How to save the requires_grad state of the weights

n0obcoder · August 8, 2019, 8:06pm

I define a model

import torch
from torchvision import models

model = models.resnet18()

It has all its layers set as trainable (requires_grad = True for all layers)
Then I freeze the final fc layer

for param in model.fc.parameters():
param.requires_grad = False

Then I save the state_dict of the model

torch.save(model.state_dict(), ‘model.pth’)

Now I want to load the weights again. So I define the model once again and load the saved weights in it…

model_new = models.resnet18()
model_new.load_state_dict(torch.oad(‘model.pth’))

Now when I print the requires_grad of its fc layer, all the requires_grad are back to the original setings (True)

for param in model_new.fc.parameters():
print(param.requires_grad)

Its prints
True
True

So the question is that, how is the requires_grad setting getting changed on loading the weights?

Does saving the model.state_dict() even save the requires_grad settings?
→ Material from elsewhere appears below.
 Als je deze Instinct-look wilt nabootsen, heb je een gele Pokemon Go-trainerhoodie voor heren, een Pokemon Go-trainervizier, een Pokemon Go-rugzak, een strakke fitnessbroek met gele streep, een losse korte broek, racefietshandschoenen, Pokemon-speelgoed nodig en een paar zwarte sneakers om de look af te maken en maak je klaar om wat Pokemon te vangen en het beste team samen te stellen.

ptrblck · August 8, 2019, 11:51pm

The state_dict contains the tensors (basically the data), not the nn.Parameters, which hold the requires_grad attribute.
Since you are recreating the model and load the state_dict, all flags are re-initialized.


model = models.resnet50()
print(model.fc.weight)
> Parameter containing:
tensor([[-0.0046, -0.0034, -0.0171,  ..., -0.0081,  0.0019, -0.0050],
        [-0.0167, -0.0093,  0.0100,  ...,  0.0180,  0.0164,  0.0170],
        [ 0.0093, -0.0114,  0.0144,  ...,  0.0003,  0.0202,  0.0163],
        ...,
        [-0.0188, -0.0040, -0.0019,  ...,  0.0113, -0.0164, -0.0054],
        [ 0.0212, -0.0127,  0.0155,  ..., -0.0200,  0.0092,  0.0188],
        [-0.0179,  0.0083, -0.0003,  ..., -0.0012, -0.0048, -0.0127]],
       requires_grad=True)
sd = model.state_dict()
print(sd['fc.weight'])
> tensor([[-0.0046, -0.0034, -0.0171,  ..., -0.0081,  0.0019, -0.0050],
        [-0.0167, -0.0093,  0.0100,  ...,  0.0180,  0.0164,  0.0170],
        [ 0.0093, -0.0114,  0.0144,  ...,  0.0003,  0.0202,  0.0163],
        ...,
        [-0.0188, -0.0040, -0.0019,  ...,  0.0113, -0.0164, -0.0054],
        [ 0.0212, -0.0127,  0.0155,  ..., -0.0200,  0.0092,  0.0188],
        [-0.0179,  0.0083, -0.0003,  ..., -0.0012, -0.0048, -0.0127]])

n0obcoder · August 9, 2019, 6:25am

Thanks for the clarification @ptrblck ! : D

But what do you suggest me to do if i want to save the requires_grad flag for all the layers too ?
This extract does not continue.